My research and that of many others show this to be in error. College women and men are significantly different beginning at the biological level. To oppose rape culture (which we all oppose) while promoting hookup culture is nonsensical, paradoxical, and damaging, particularly to women. Nevertheless, semester after semester in new student orientations, condoms are made available and the message is sent that students are expected to be sexually active and practice promiscuity. Officialdom sanctions hookup culture on campus in the 21st century.

Hookup Culture and Rape Culture

In the last 15 years, other researchers and I have begun to study this regrettable phenomenon. Two others are Justin Garcia from Indiana University and Chris Reiber from Binghamton University. Dr. Garcia and Dr. Reiber state it is likely that a substantial portion of young adults today feel compelled to take part in hookups, while actually desiring both easy sexual gratification and more stable romantic relationships, which seems complicated to us parents. To make things even more complicated, there is the ever-present issue of the prevalence and use of alcohol and other drugs. In a study of 118 freshmen female college students, 64 percent of cases hookups followed alcohol use.  When you look at this college hookup scene and understand the background factors; you can see how it got this messed up.

Most alarming of all is the relationship of the hookup culture with sexual assault. In a study of 178 college men and women, the participants revealed that most of their experience with unwanted sex happened in a hookup. Regarding unwanted sex, 78 percent took place during a hookup, 14 percent during an ongoing relationship, and only 8 percent on a date.

This is a monumentally important insight!

There are, and have been, many large-scale efforts taking place on college campuses across Western societies to decrease the amount of sexual coercion, sexual assault, and rape. The research insight that most nonconsensual sex occurs during a hookup sheds new light on what needs to be done to decrease all kinds of sexual aggression.

Once Again, Alcohol’s Role

Additionally, Dr. Donna Freitas, who has studied hookup culture extensively, says that 41 percent of the students in her survey reported being profoundly upset about hooking up. Some of them even likened the experience to abuse. She outlines the case that alcohol, hooking up, and sexual assault are often related. Dr. Freitas quotes a study that reveals that 26 percent of students who were freshmen or sophomores had sex with someone they had just met while they were under the influence of alcohol. Around 40 percent of these freshmen or sophomore students had sex with someone they knew but were not in a relationship with while drinking alcohol.
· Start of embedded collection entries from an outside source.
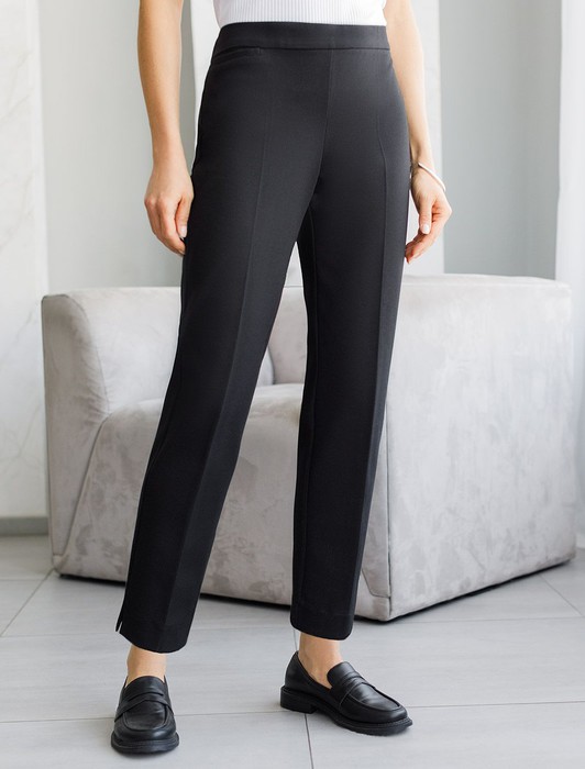 Состав: 50%Хлопок 30%ПУ 20%ПЭ Плотность: 390 Г/м2Брюки-дудочки выполнены из джерси. Модель дополнена резинкой сзади, одним вместительным карманом спереди и небольшими боковыми разрезами. Заутюженные стрелки и посадка на талии визуально вытягивают силуэт. Изделие хорошо держит форму, отлично тянется и почти не мнется во время использования. Идеальный вариант в офис или в повседневный классический стиль.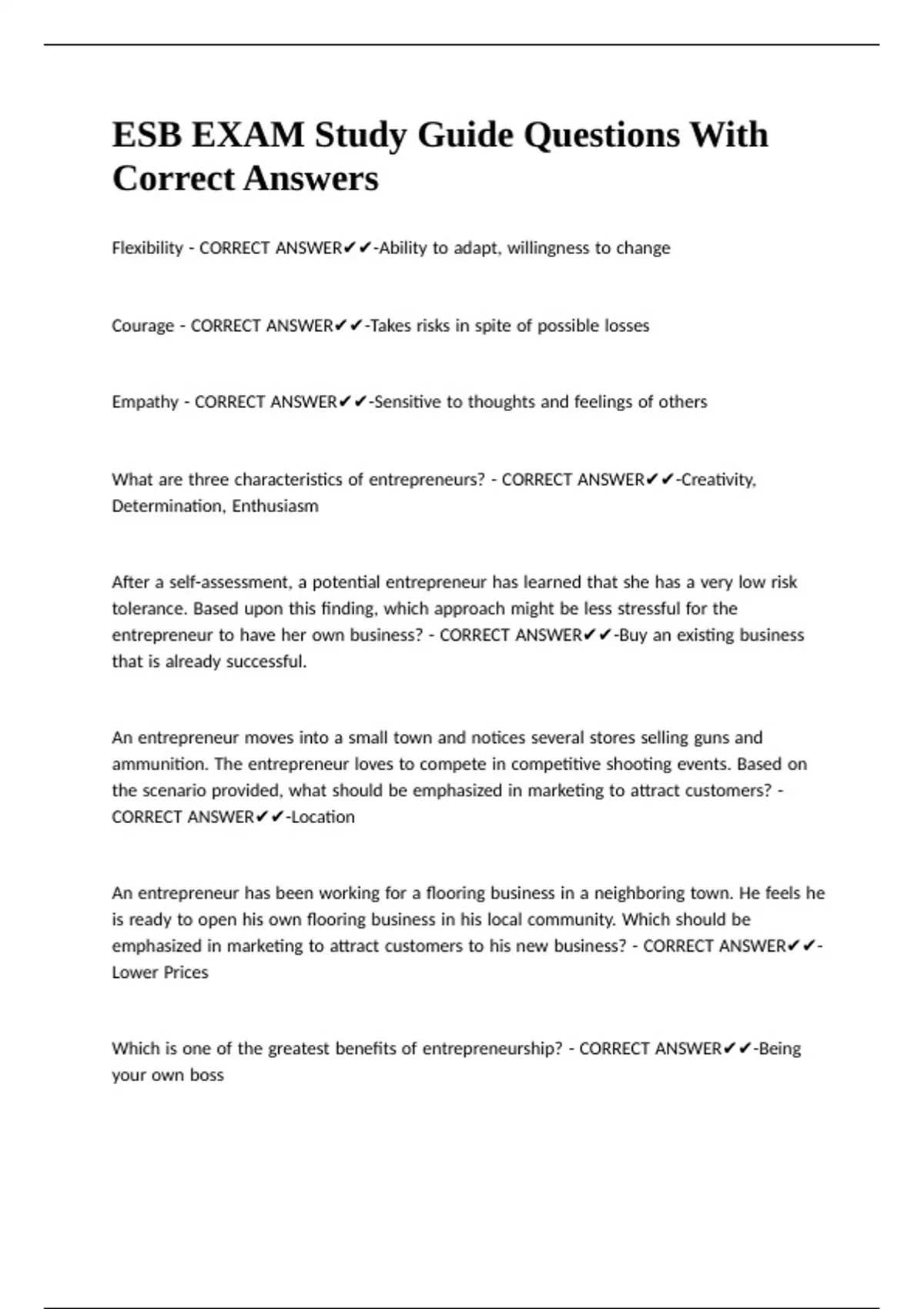 ESB EXAM Study Guide Questions With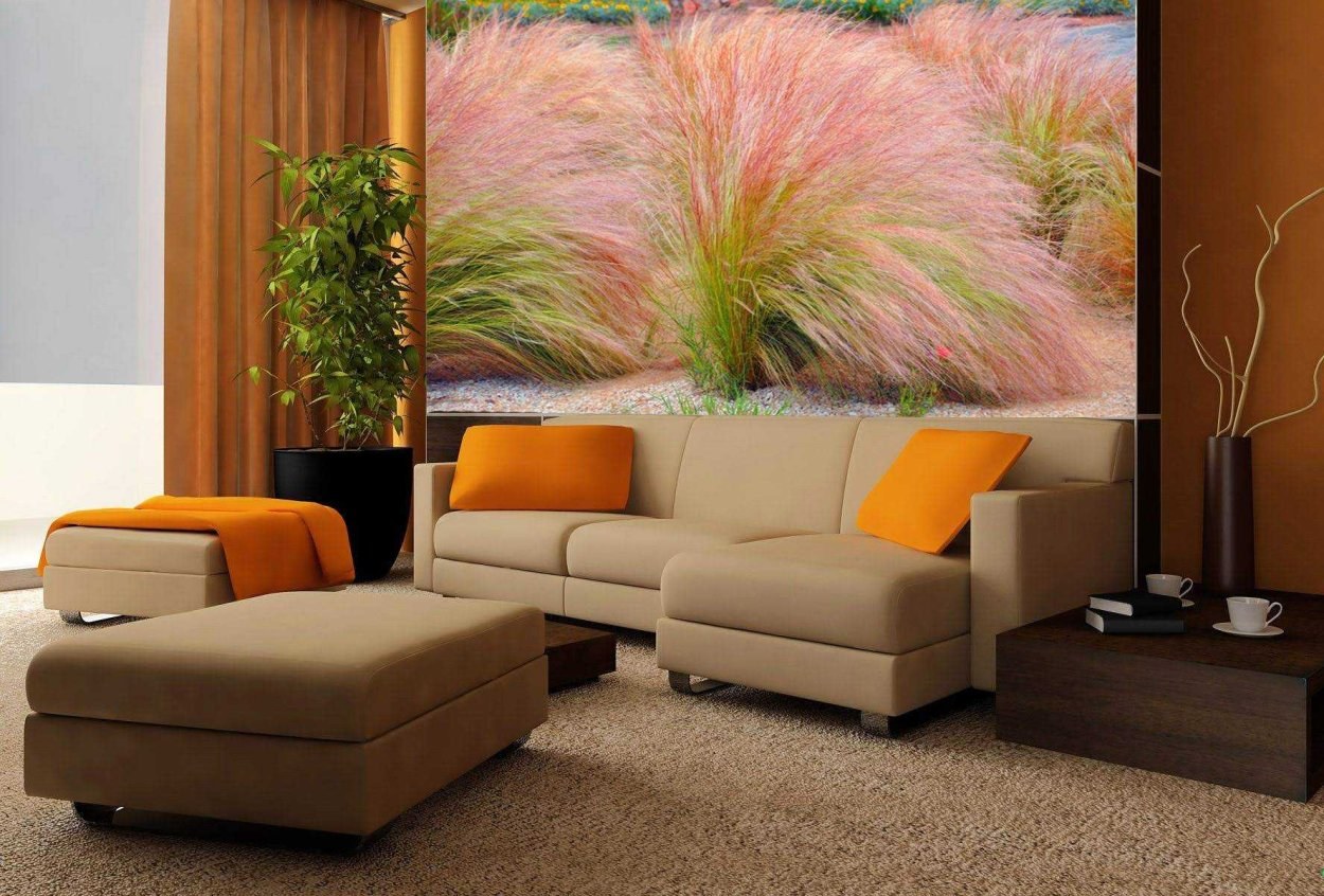 Фотообои в гостиную над диваном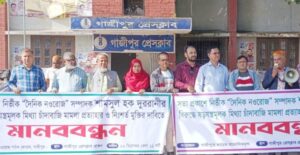 দৈনিক নওরোজ পত্রিকার সম্পাদক ও প্রকাশক শামসুল হক দুররানী’র বিরুদ্ধে মিথ্যা মামলা প্রত্যাহার ও তার নিঃশর্ত মুক্তির দাবিতে গাজীপুর প্রেসক্লাবের সামনে ১০ ডিসেম্বর বুধবার বেলা ১১ ঘটিকায় মানববন্ধন অনুষ্ঠিত হয়েছে। মানববন্ধনে দৈনিক নওরোজ পাঠক ফোরাম গাজীপুর এর সভাপতি মোঃ আক্তারুজ্জামানের সভাপতিত্তে ও সাংবাদিক মোঃ বায়েজীদ হোসেন এর সঞ্চালনায় প্রধান অতিথি হিসেবে উপস্থিত হয়ে বক্তব্য রাখেন গাজীপুর সাংবাদিক উইনিয়ন এর সভাপতি মোঃ দেলোয়ার হোসেন, এটিএন বাংলা ও এটিএন নিউজ এর স্টাফ রিপোর্টার, (গাজীপুর) মোঃ মাজহারুল ইসলাম মাসুম, দৈনিক মুক্ত বলাকা’র সম্পাদক ও প্রকাশক মোঃ আলমগীর হোসেন, একাত্তর টিভি’র স্টাফ রিপোর্টার (গাজীপুর) ইকবাল আহমেদ সরকার, দৈনিক ইত্তেফাক’র গাজীপুর জেলা প্রতিনিধি মোঃ মুজিবুর রহমান, দৈনিক কালের কন্ঠ’র স্টাফ রিপোর্টার (গাজীপুর) শরীফ আহমেদ শামীম, দৈনিক যুগান্তর’র গাজীপুর প্রতিনিধি শাহ্ সামসুল হক রিপন, দৈনিক প্রতিদিনের সংবাদ’র গাজীপুর জেলা প্রতিনিধি হাসমত আলী, দৈনিক সময়ের আলো’র গাজীপুর প্রতিনিধি মোঃ মিলটন খন্দকার,দৈনিক সকালের সময় গাজীপুর প্রতিনিধি মোঃ আবিদ হোসেন বুলবুল, এসময় উপস্থিত ছিলেন বাংলাদেশ বুলেটিন’র গাজীপুর জেলা প্রতিনিধি মোঃ শফিকুল ইসলাম জিতু, দৈনিক শুভদিন গাজীপুর প্রতিনিধি মোঃ নূরুল ইসলাম সবুজ, দৈনিক নতুন সময়’র গাজীপুর প্রতিনিধি মোঃ মাসুদ রানা, মোহনা টিভি’র গাজীপুর প্রতিনিধি মোঃ আতিকুর রহমান আমিন, দৈনিক আজকের বাংলা’র গোলাম রসুল দিনার, দৈনিক সময়ের কাগজ’র গাজীপুর জেলা প্রতিনিধি মোঃ মনির হোসেন সরকার, বিজয় টিভি’র মোঃ তৌফিক ইসলাম, দৈনিক যায়যায়দিন’র গাজীপুর সদর প্রতিনিধি মোঃ আইয়ুব খান, দৈনিক বর্তমান’র টঙ্গী প্রতিনিধি মোঃ মোস্তাকিম খান, দৈনিক নওরোজ’র টঙ্গী প্রতিনিধি মোঃ জাহাঙ্গীর আকন্দ, দৈনিক রূপালী বাংলাদেশ’র গাজীপুর প্রতিনিধি মোঃ জহিরুল ইসলাম, আদর্শ বাণী’র বার্তা সম্পাদক মোঃ রেজাউল করিম মোল্লা, দৈনিক নতুন ভোর’র চীফ রিপোর্টার মোঃ ইলিয়াস আপন, দৈনিক নওরোজ’র গাজীপুর মহানগর প্রতিনিধি শাহিনা আক্তার, সাংবাদিক ডাক্তার আতিকুর রহমান আতিক, হেলেনা আক্তার প্রমুখ।

Within that same study, 44 percent of women reported at least one unwanted sexual episode while in college, and, again, 90 percent of these unwanted sexual encounters happened during a hookup. Of the total reported incidents of nonconsensual sex, 76 percent involved alcohol. Having alcohol in the mix blurred whether consent had been given. The researchers discovered that often the victim was too drunk to properly give consent and didn’t remember what happened the next day.
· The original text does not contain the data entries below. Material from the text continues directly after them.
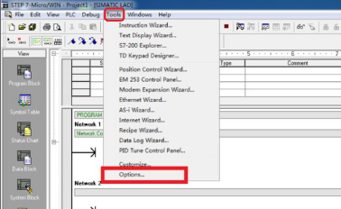 1、打开安装好的s7-200,依次点击图中【Tools】—【Options...】。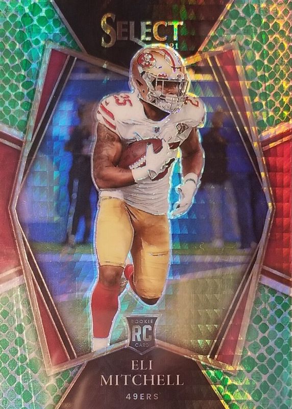 This card is 1 of 39 Elijah Mitchell's card variations in the 2021 Select set being tracked by Sports Card Investor, including Premier Level, Premier Level Black & Gold Die-Cut, Premier Level Disco, Premier Level Green & Yellow Die-Cut, and Premier Level Red & Blue Die-Cut.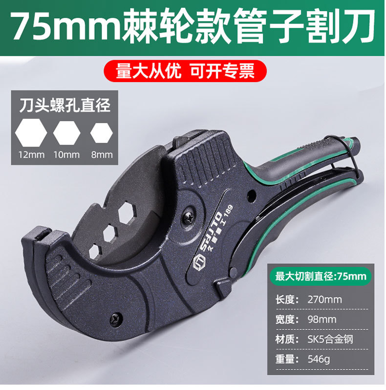 | Modelo | 187, cuchillo de corte de tubo jiutong de 46 mm, 0,27 kg, 188, cuchillo de corte de tubo jiutong de 50 mm, 0,3 kg, 189, cuchillo de corte de tubo jiutong de 75 mm, 0,55 kg, 614, cuchillo de corte grande de 42 mm, 0,45 kg |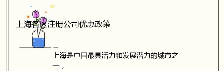 上海是中国最具活力和发展潜力的城市之一,各区**为了吸引更多的企业来此发展,纷纷出台了各种优惠政策,下面就为大家介绍一下各区注册公司的优惠政策。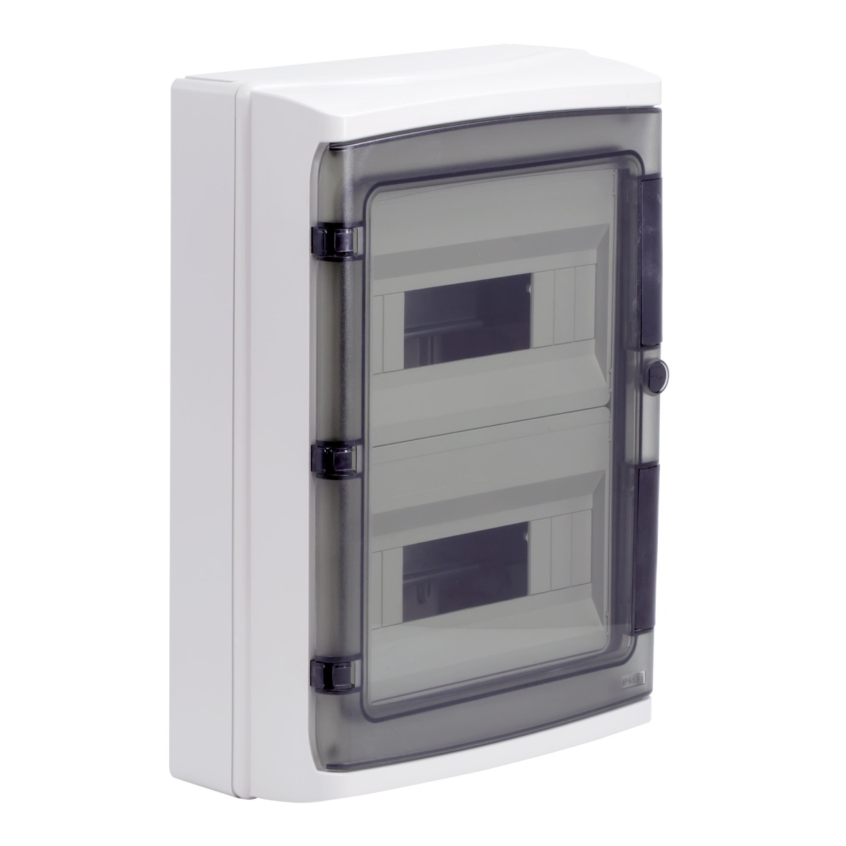 Щиток настенный с дверцей 24 мод.,IP65, серый, с клеммным блоком 63А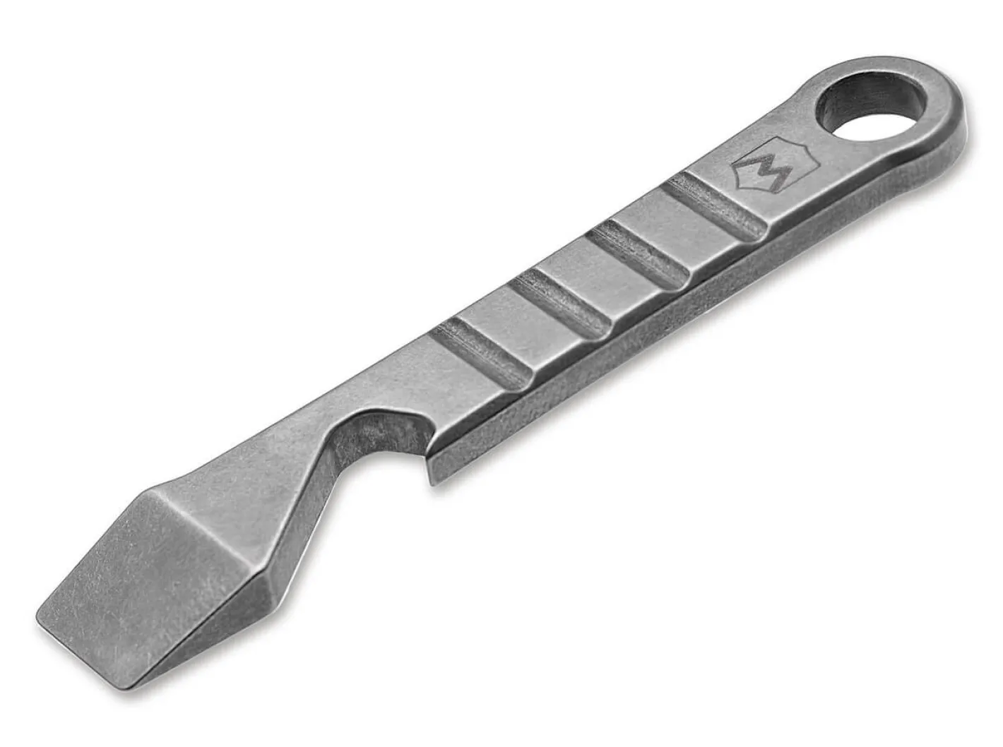Kompaktes Tool aus 4116 zum Hebeln und Stemmen. Mit rustikalem Stonewash-Finish und Fangriemenöse zur Befestigung zur Befestigung am Schlüsselbund.

Parents should know that when people like me try to bring up the relationship between alcohol and sexual assault I am told to stop “victim-blaming”. You should also know that the most likely place and time for your daughters to be raped is in the dorms and the first few months of their freshman year. You won’t hear that from them.

Now that you parents know the real deal it is time for all of us to start lobbying our state legislatures to stop this insanity and bring ethical leadership back to campus. We don’t have to put up with this dangerous travesty!



Dr. Joe Malone, a physiologist, holds a Ph.D. in Health and Human Performance with a minor in neuropsychology and a specialization in female sexual health. He has taught for many years at Middle Tennessee State University, creating a women’s wellness program there, and has guest lectured at Vanderbilt and Princeton.

Dr. Malone served on the CDC Initiative for STD Prevention for the state of Tennessee. He has been happily married to his wife Jody for over 40years. Dr. Malone is author of Battles of the Sexes and co-founder of Hookups to Heartbreaks.